**EXERCISE DESCRIPTION**
Exclude all pictures, then copy each of the records exactly as written.

**RECORD EXTRACTS**
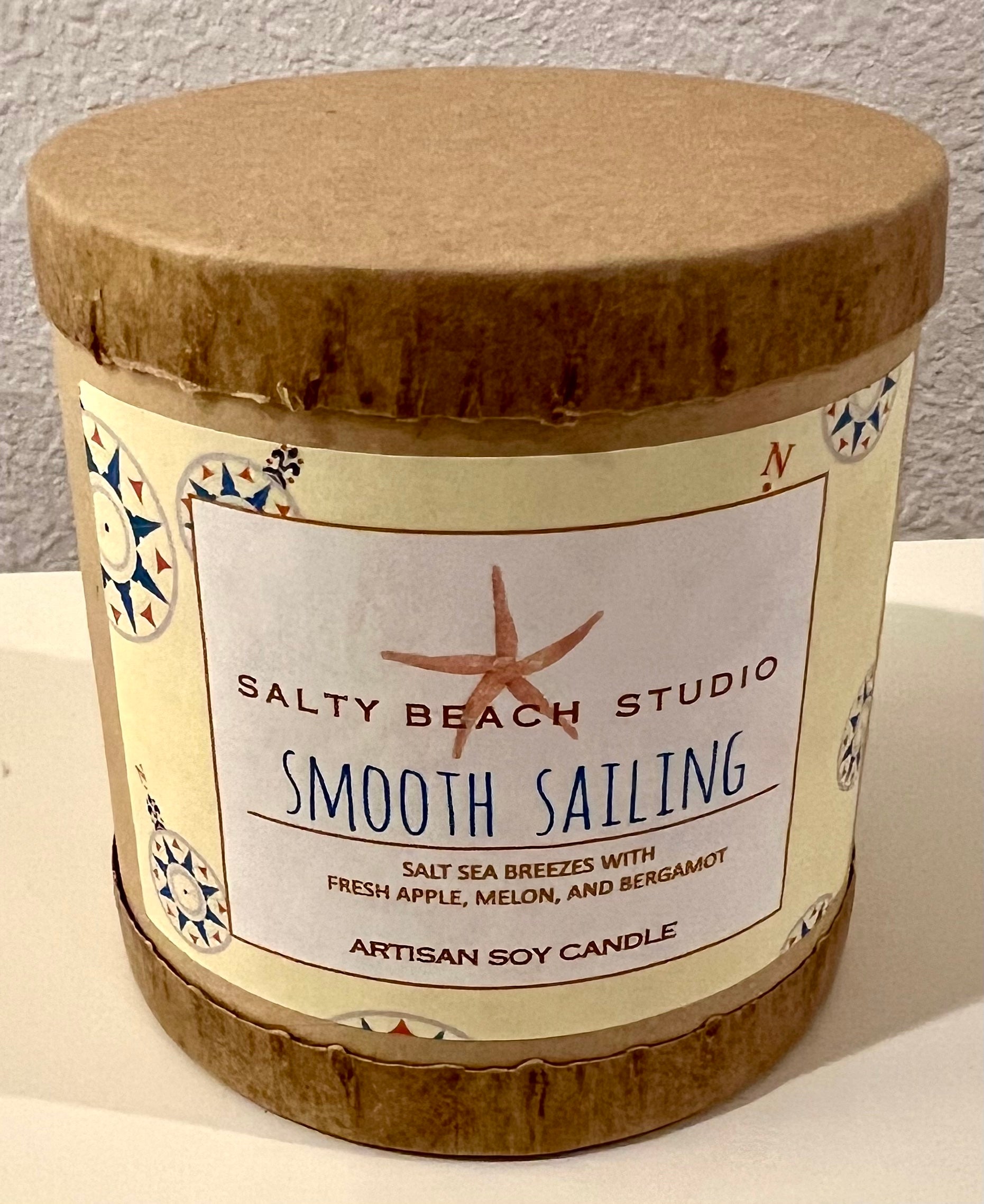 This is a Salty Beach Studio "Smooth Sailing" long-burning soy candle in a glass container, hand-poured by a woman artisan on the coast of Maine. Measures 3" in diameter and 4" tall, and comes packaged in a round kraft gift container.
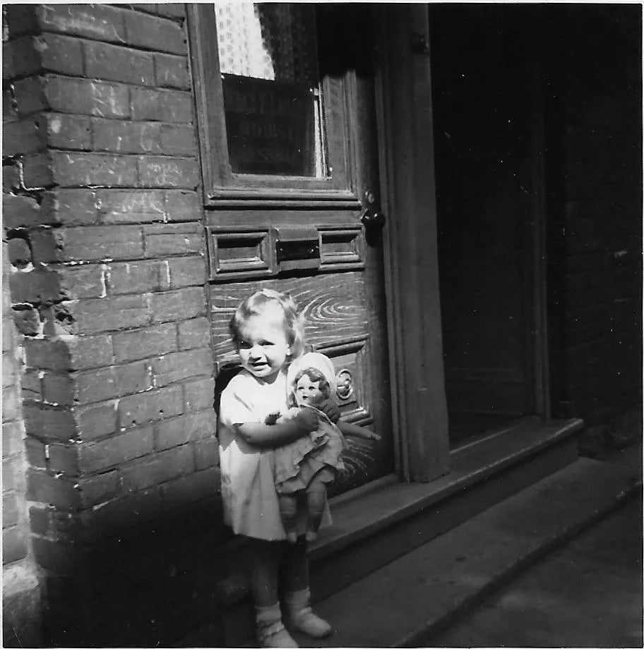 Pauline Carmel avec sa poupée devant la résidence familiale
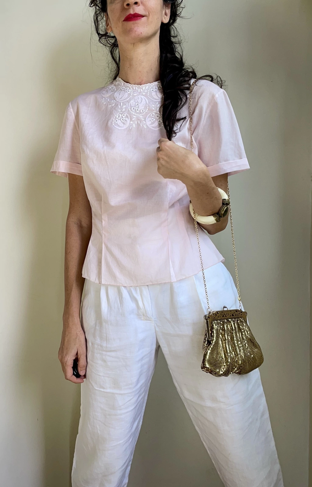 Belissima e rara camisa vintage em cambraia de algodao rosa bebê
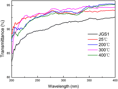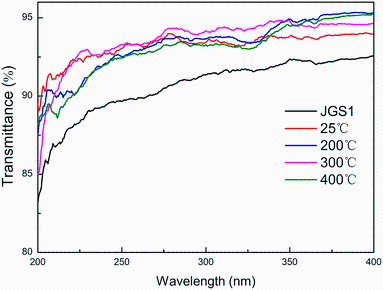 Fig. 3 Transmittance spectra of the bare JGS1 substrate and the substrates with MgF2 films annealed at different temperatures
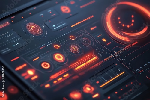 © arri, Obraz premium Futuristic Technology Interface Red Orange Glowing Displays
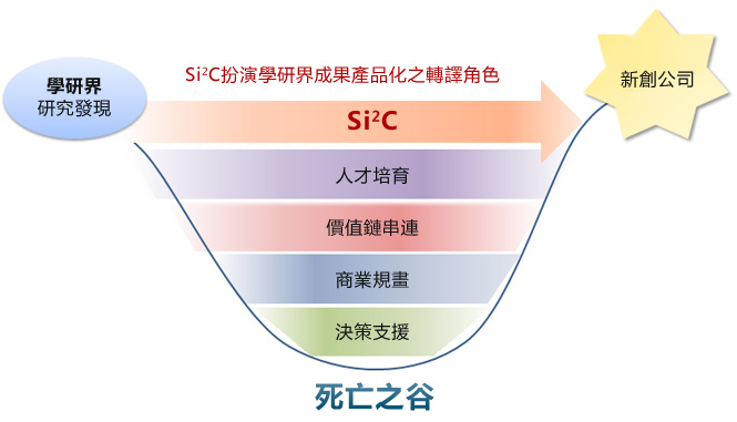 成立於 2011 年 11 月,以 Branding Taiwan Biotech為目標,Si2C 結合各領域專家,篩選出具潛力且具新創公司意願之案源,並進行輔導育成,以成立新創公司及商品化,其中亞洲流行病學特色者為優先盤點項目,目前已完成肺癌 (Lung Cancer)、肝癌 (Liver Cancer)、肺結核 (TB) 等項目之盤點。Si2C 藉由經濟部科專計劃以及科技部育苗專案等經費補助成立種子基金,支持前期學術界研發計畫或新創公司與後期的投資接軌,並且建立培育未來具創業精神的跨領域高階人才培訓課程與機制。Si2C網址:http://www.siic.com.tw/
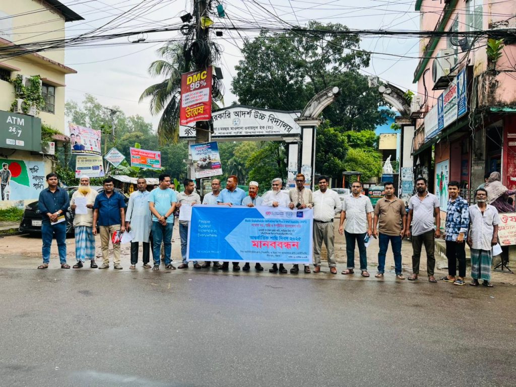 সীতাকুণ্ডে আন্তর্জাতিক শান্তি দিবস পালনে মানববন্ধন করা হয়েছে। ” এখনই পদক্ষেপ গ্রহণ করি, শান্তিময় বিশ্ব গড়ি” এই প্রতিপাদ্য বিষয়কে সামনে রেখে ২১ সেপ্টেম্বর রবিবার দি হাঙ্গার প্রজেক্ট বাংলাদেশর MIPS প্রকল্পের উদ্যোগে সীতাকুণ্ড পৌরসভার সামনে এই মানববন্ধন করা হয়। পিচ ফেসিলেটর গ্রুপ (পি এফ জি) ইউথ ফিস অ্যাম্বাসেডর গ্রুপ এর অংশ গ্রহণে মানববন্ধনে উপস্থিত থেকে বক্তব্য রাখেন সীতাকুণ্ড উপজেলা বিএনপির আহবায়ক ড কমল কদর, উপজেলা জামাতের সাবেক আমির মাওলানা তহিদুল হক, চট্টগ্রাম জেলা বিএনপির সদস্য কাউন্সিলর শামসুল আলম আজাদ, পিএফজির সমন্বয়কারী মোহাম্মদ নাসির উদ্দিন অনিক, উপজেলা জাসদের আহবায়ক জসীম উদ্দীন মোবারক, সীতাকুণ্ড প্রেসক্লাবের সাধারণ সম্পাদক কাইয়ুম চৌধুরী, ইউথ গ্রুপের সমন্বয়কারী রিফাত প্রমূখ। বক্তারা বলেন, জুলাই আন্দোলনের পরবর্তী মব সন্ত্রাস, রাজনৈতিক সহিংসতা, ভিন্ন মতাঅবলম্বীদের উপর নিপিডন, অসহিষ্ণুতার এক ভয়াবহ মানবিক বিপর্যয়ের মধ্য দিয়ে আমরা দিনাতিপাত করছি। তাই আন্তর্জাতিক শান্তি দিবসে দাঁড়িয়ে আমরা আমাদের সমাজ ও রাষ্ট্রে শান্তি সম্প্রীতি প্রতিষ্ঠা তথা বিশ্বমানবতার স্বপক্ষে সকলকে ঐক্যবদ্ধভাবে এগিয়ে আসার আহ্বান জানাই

**SOLUTION TO THIS EXERCISE**
 This is a Salty Beach Studio "Smooth Sailing" long-burning soy candle in a glass container, hand-poured by a woman artisan on the coast of Maine. Measures 3" in diameter and 4" tall, and comes packaged in a round kraft gift container.
 Pauline Carmel avec sa poupée devant la résidence familiale
 Belissima e rara camisa vintage em cambraia de algodao rosa bebê
 Fig. 3 Transmittance spectra of the bare JGS1 substrate and the substrates with MgF2 films annealed at different temperatures
 © arri, Obraz premium Futuristic Technology Interface Red Orange Glowing Displays
 成立於 2011 年 11 月,以 Branding Taiwan Biotech為目標,Si2C 結合各領域專家,篩選出具潛力且具新創公司意願之案源,並進行輔導育成,以成立新創公司及商品化,其中亞洲流行病學特色者為優先盤點項目,目前已完成肺癌 (Lung Cancer)、肝癌 (Liver Cancer)、肺結核 (TB) 等項目之盤點。Si2C 藉由經濟部科專計劃以及科技部育苗專案等經費補助成立種子基金,支持前期學術界研發計畫或新創公司與後期的投資接軌,並且建立培育未來具創業精神的跨領域高階人才培訓課程與機制。Si2C網址:http://www.siic.com.tw/
 সীতাকুণ্ডে আন্তর্জাতিক শান্তি দিবস পালনে মানববন্ধন করা হয়েছে। ” এখনই পদক্ষেপ গ্রহণ করি, শান্তিময় বিশ্ব গড়ি” এই প্রতিপাদ্য বিষয়কে সামনে রেখে ২১ সেপ্টেম্বর রবিবার দি হাঙ্গার প্রজেক্ট বাংলাদেশর MIPS প্রকল্পের উদ্যোগে সীতাকুণ্ড পৌরসভার সামনে এই মানববন্ধন করা হয়। পিচ ফেসিলেটর গ্রুপ (পি এফ জি) ইউথ ফিস অ্যাম্বাসেডর গ্রুপ এর অংশ গ্রহণে মানববন্ধনে উপস্থিত থেকে বক্তব্য রাখেন সীতাকুণ্ড উপজেলা বিএনপির আহবায়ক ড কমল কদর, উপজেলা জামাতের সাবেক আমির মাওলানা তহিদুল হক, চট্টগ্রাম জেলা বিএনপির সদস্য কাউন্সিলর শামসুল আলম আজাদ, পিএফজির সমন্বয়কারী মোহাম্মদ নাসির উদ্দিন অনিক, উপজেলা জাসদের আহবায়ক জসীম উদ্দীন মোবারক, সীতাকুণ্ড প্রেসক্লাবের সাধারণ সম্পাদক কাইয়ুম চৌধুরী, ইউথ গ্রুপের সমন্বয়কারী রিফাত প্রমূখ। বক্তারা বলেন, জুলাই আন্দোলনের পরবর্তী মব সন্ত্রাস, রাজনৈতিক সহিংসতা, ভিন্ন মতাঅবলম্বীদের উপর নিপিডন, অসহিষ্ণুতার এক ভয়াবহ মানবিক বিপর্যয়ের মধ্য দিয়ে আমরা দিনাতিপাত করছি। তাই আন্তর্জাতিক শান্তি দিবসে দাঁড়িয়ে আমরা আমাদের সমাজ ও রাষ্ট্রে শান্তি সম্প্রীতি প্রতিষ্ঠা তথা বিশ্বমানবতার স্বপক্ষে সকলকে ঐক্যবদ্ধভাবে এগিয়ে আসার আহ্বান জানাই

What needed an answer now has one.